So, the exemplary use of those transient parameters to extract
timbre information is performed. Proceedings of the first partials
of involved sound sources are extracted by the ear model. The
received information is represented in a feature vector. This is
fed into a known neural network for training and pattern
recognition processes.
[0093] Based on the work of Baumgarte as cited earlier the extended
"Analogmodell" is implemented with wave digital filters (WDF) in
the time domain. This requires a remarkable amount of computational
power: after optimization a 2 GHz PC needs two seconds
computational time for a one second input. The drawback in
efficiency is, however, compensated by an excellent time resolution
as it shows to be necessary for a reliable segmentation of single
notes and description of timbres. The basilar membrane is divided
into 251 areas of uniform width, i.e. a resolution of 0.1 Bark.
Every segment is connected to one IHC, which is fed with the
vibrations of its corresponding section. The IHC model shows good
computational efficiency and can be described by a number of simple
differential equations as outlined in R. Meddis, M. J. Hewitt, T.
M. Shackleton, Implementation details of the inner
haircell/auditory-nerve synapse, JASA, 87(4), pp. 1813-1816,
1990.
[0094] Subsequently, the implementation details of the present work
will be illustrated using an exemplary melody input (see FIG. 1 and
FIG. 2 for the score and a voiced input of the main melody of S.
Prokofiew's "Peter and the wolf".
[0095] The preferred pitch extraction method to form resulting
pitch trajectories, i.e. continuous courses of pitch values, is
demonstrated using the first note of the input. The temporal
evolution of the envelopes of the 251 IHC cleft contents along the
basilar membrane are shown in FIG. 3. Certain structures of
harmonic partials can be seen, but the description is not
sufficient for an exact calculation of the frequencies of the
partial tones present in the input signal. FIG. 4 and FIG. 5
contain detailed illustrations of the cleft contents for those IHCs
which are located in areas corresponding to the frequencies of the
stimulating partials. IHC #12 is in resonance with the fundamental
frequency, whereas IHC #25 represents the second partial.
Interference effects according to the fundamental frequency can be
seen for the second partial as an illustration of spectral masking
effects, i.e. alternating amplitudes of cleft content maxima occur.
Every second maximum results from the sum of vibrations of the
fundamental and the second partial.
[0096] Because of the above described properties of phase locking,
the time difference between subsequent maxima of cleft contents
corresponds to the period of the actual vibration. The reciprocal
value determines the according frequency.

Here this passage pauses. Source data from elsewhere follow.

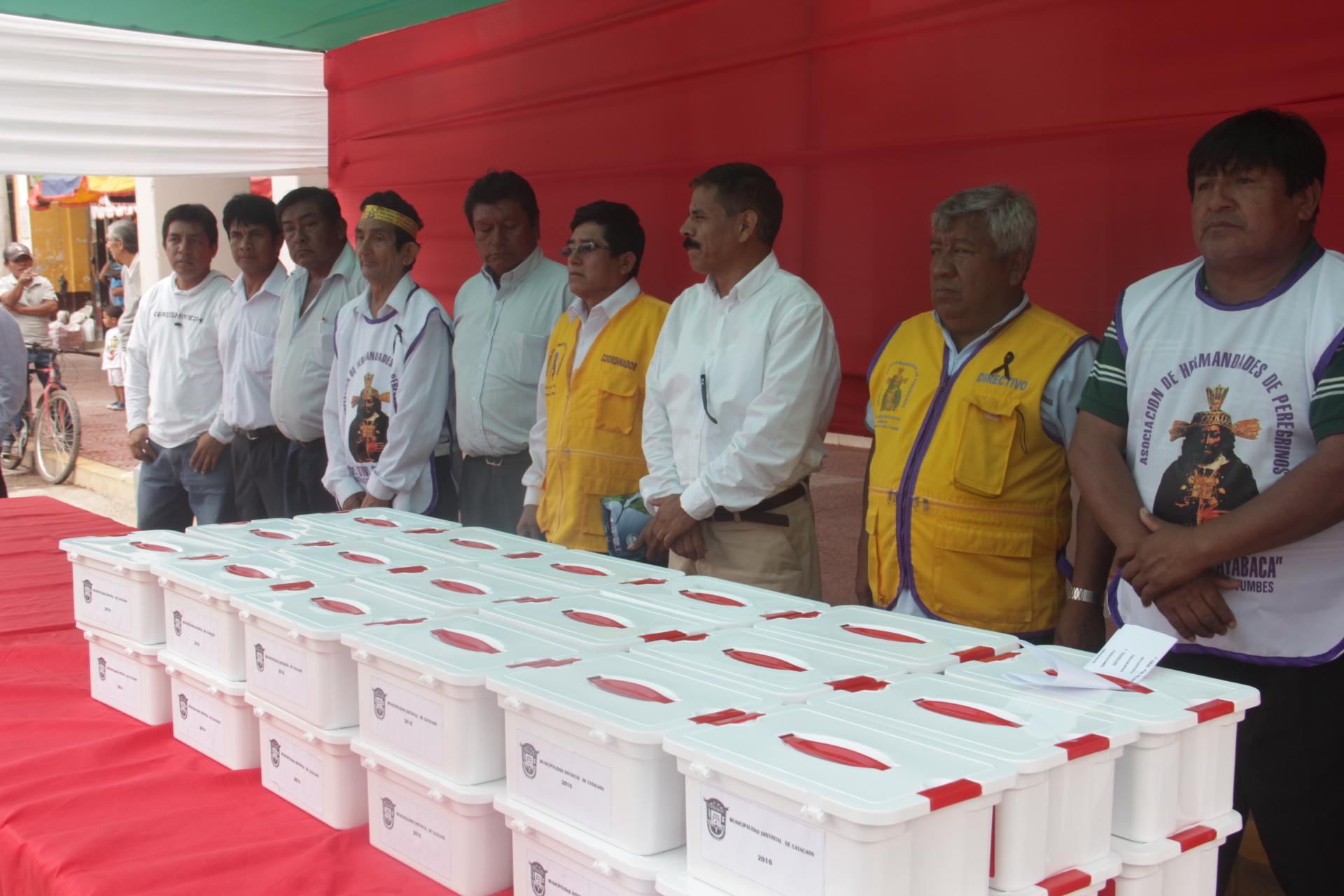 La Municipalidad de Catacaos hizo la donación de botiquines que les permita calmar alguna dolencia que se les presente a largo de su caminar. El alcalde José Cieza pidió a los caminantes, especialmente a los jóvenes que esta peregrinación debe generar un cambio de vida y renovación del alma.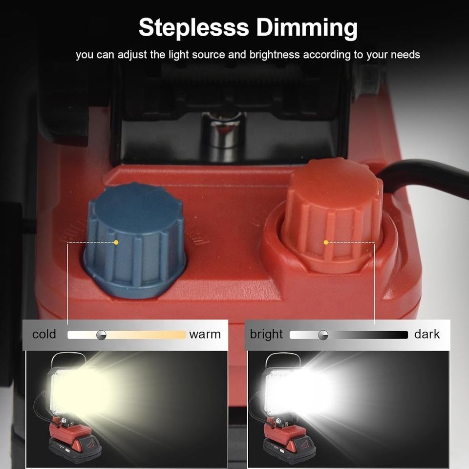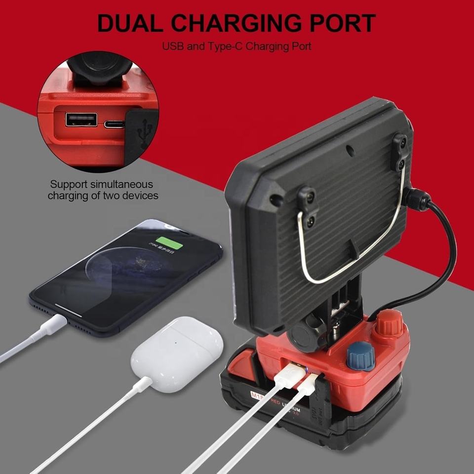 Lampe de travail LED portable 40W 4000LM 18V pour Milwaukee m18 avec port de charge USB et Type-C, lampe LED rechargeable pour atelier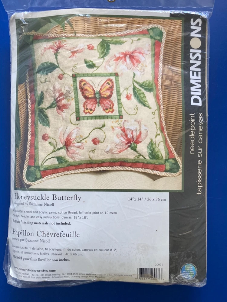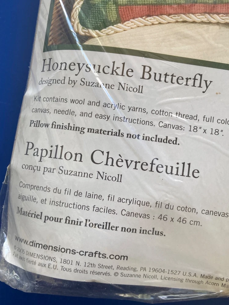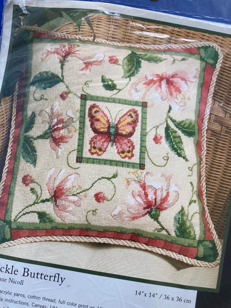A beautiful 2005 Dimensions needlepoint kit called Honeysuckle Butterfly. It is a 14” x 14”. Made in the USA. Unopened. ** There was a small hole in the bottom seam of the plastic. I taped it closed so that the needle will not fall out. Please email us with any questions and please check our Ebay store, Hooked-On-Vintage, for more great vintage items. We combine ship :-)
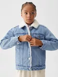 Email when available, Mango Kids' Lisa Shearling Lined Denim Jacket, Open BlueMango Kids' Lisa Shearling Lined Denim Jacket, Open Blue£35.99 – £39.99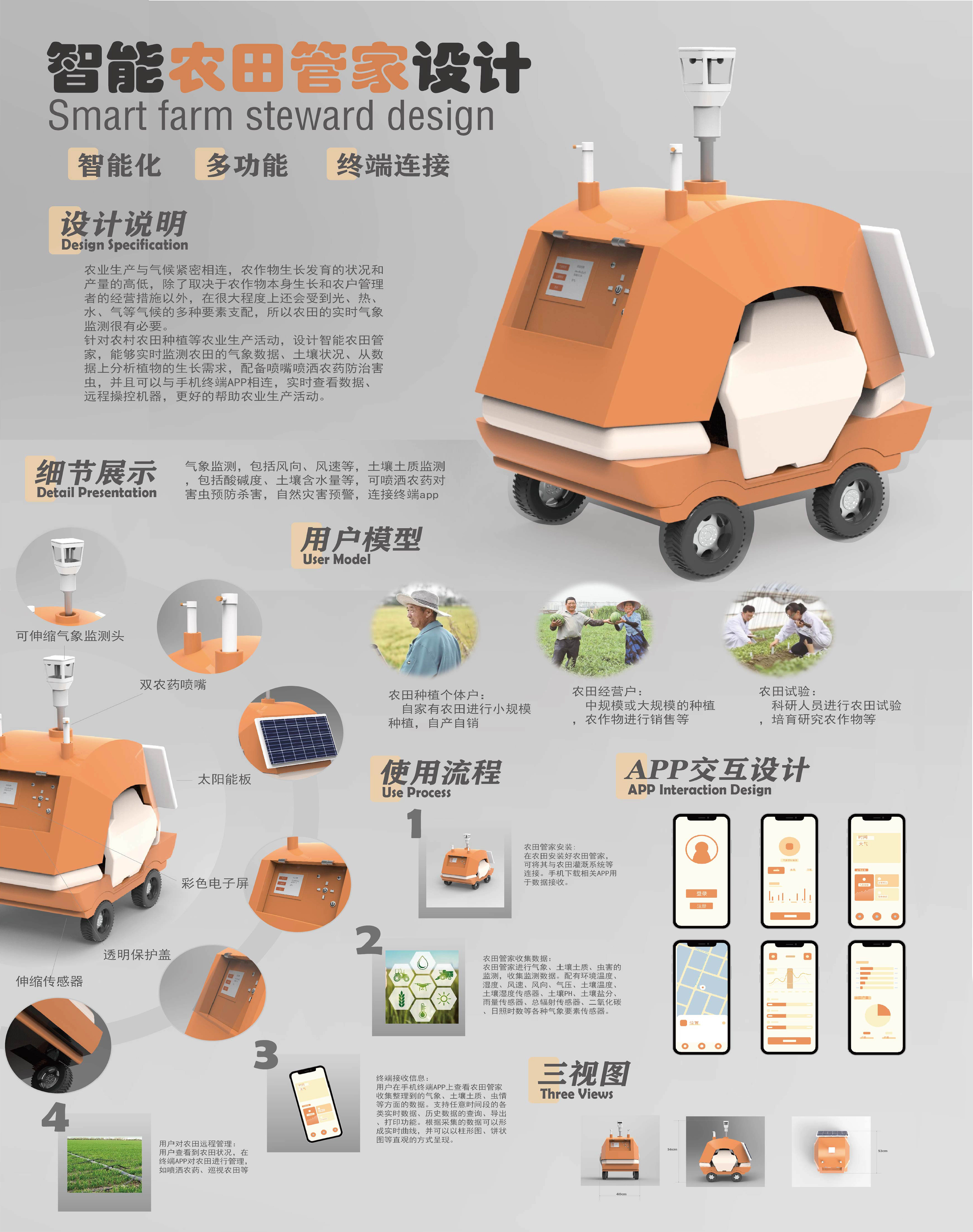 针对农村农田种植等农业生产活动,设计智能农田管家,能够实时监测农田的气象数据、土壤状况、从数据上分析植物的生长需求,配备喷嘴喷洒农药防治害虫,并且可以与手机终端APP相连,实时查看数据、远程操控机器,更好的帮助农业生产活动。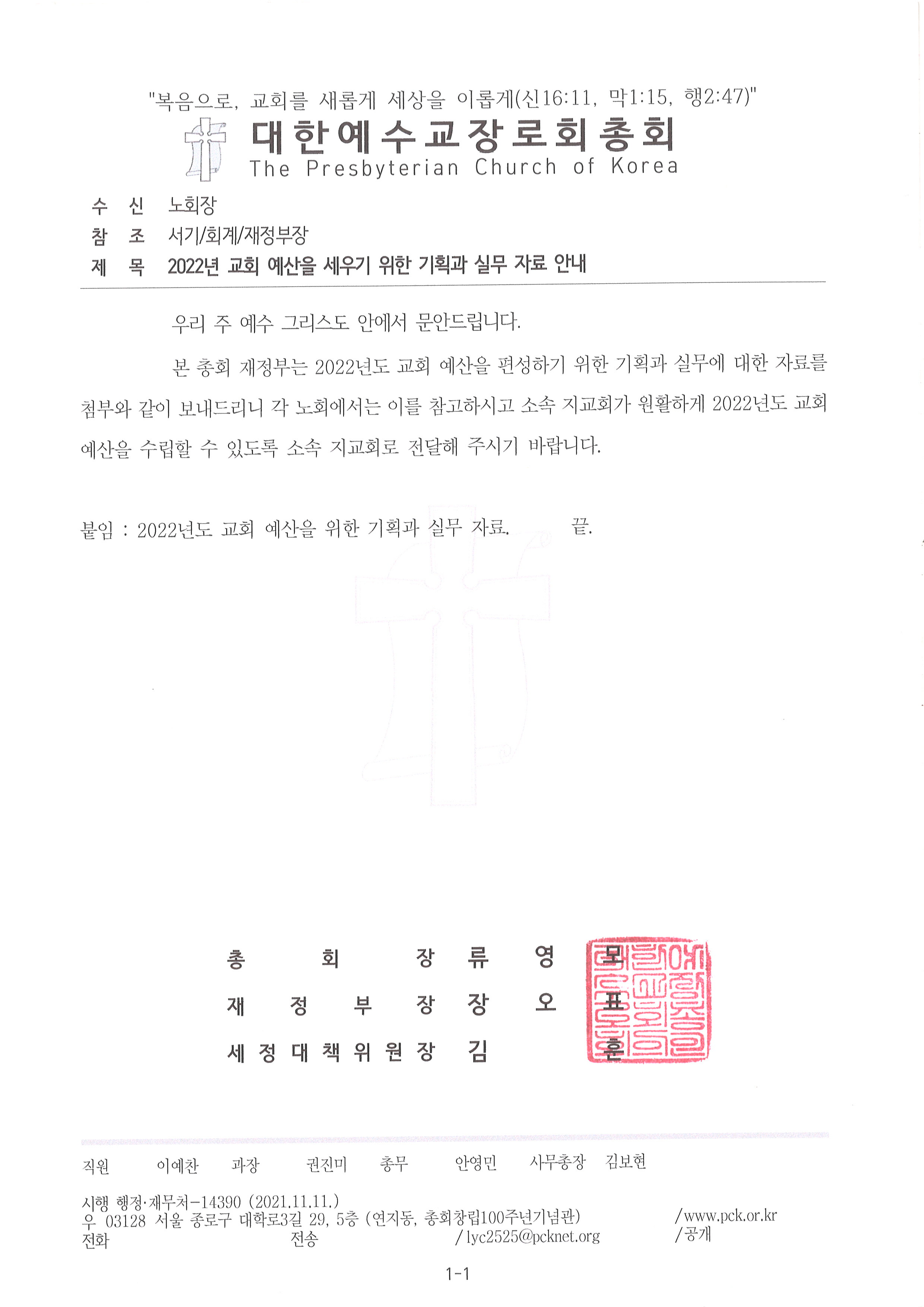 Á¦¸ñ   [°ø¹®] 2022³â ±³È¸ ¿¹»êÀ» ¼¼¿ì±â À§ÇÑ ±âȹ°ú ½Ç¹« ÀÚ·á ¾È³»

[0097] Now all time deltas between one maximum and its first 7
neighbors are entered into a histogram using the sum of the two
involved maxima amplitudes as weight value. This is repeated for
the next 10 succeeding maxima and their corresponding neighbors.
This process results in a so called summary autocorrelation
function (SACF) as described in R. Meddis, M. J. Hewitt, Virtual
pitch and phase sensitivity of a computer model of the auditory
periphery. I: Pitch identification, JASA, 89(6), pp. 2866-2882,
1991, or R. Meddis, R., L. O'Mard, Psychophysically Faithful
methods for Extracting pitch, in Computational Auditory Scene
Analysis, D. F. Rosenthal, H. G. Okuno, (eds), Lawrence Erlbaum
Associates, pp. 43-58, 1998 [23][24].
[0098] A resulting picture like that in FIG. 6 can be found. The
maximum histogram value undoubtedly represents the fundamental
frequency of the sung input. Other less definitive cases require
more sophisticated considerations about relationship between the
significant maxima occurring in the histogram. After calculating
SACF histograms for every millisecond of the input signal, an
estimate of the most significant pitch can be found for every point
in time (see FIG. 7). Considering continuity relationships between
succeeding pitch estimations so called pitch trajectories are
built. For this purpose, pitch values which are close in time and
frequency are combined to form subtrajectories. In a next step,
subtrajectories with a minimum length and more global proximity are
fused to pitch trajectories. If length and amplitude values of
those general pitch sequences exceed some predefined thresholds,
corresponding trajectories are saved as valid. These processing
steps remove most of the noisy pitch entries and a clean course of
pitches is left (see FIG. 7).
[0099] Pitch extraction is handled well by many different
conventional methods. As far as a reliable segmentation of the
extracted pitch trajectories into single musical notes is
concerned, however, satisfying results cannot be obtained in most
cases. The advantageous trade-off between temporal and spectral
resolution provided by the chosen approach enables a procedure to a
reliable segmentation method. For this purpose envelopes of
transmitter substance inside the IHC clefts for the first 7
partials are considered (see FIG. 8 for the 1.sup.st and 4.sup.th
partial). The procedure searches for steep and strong increases
giving indicators for beginnings of new events, as shown in R.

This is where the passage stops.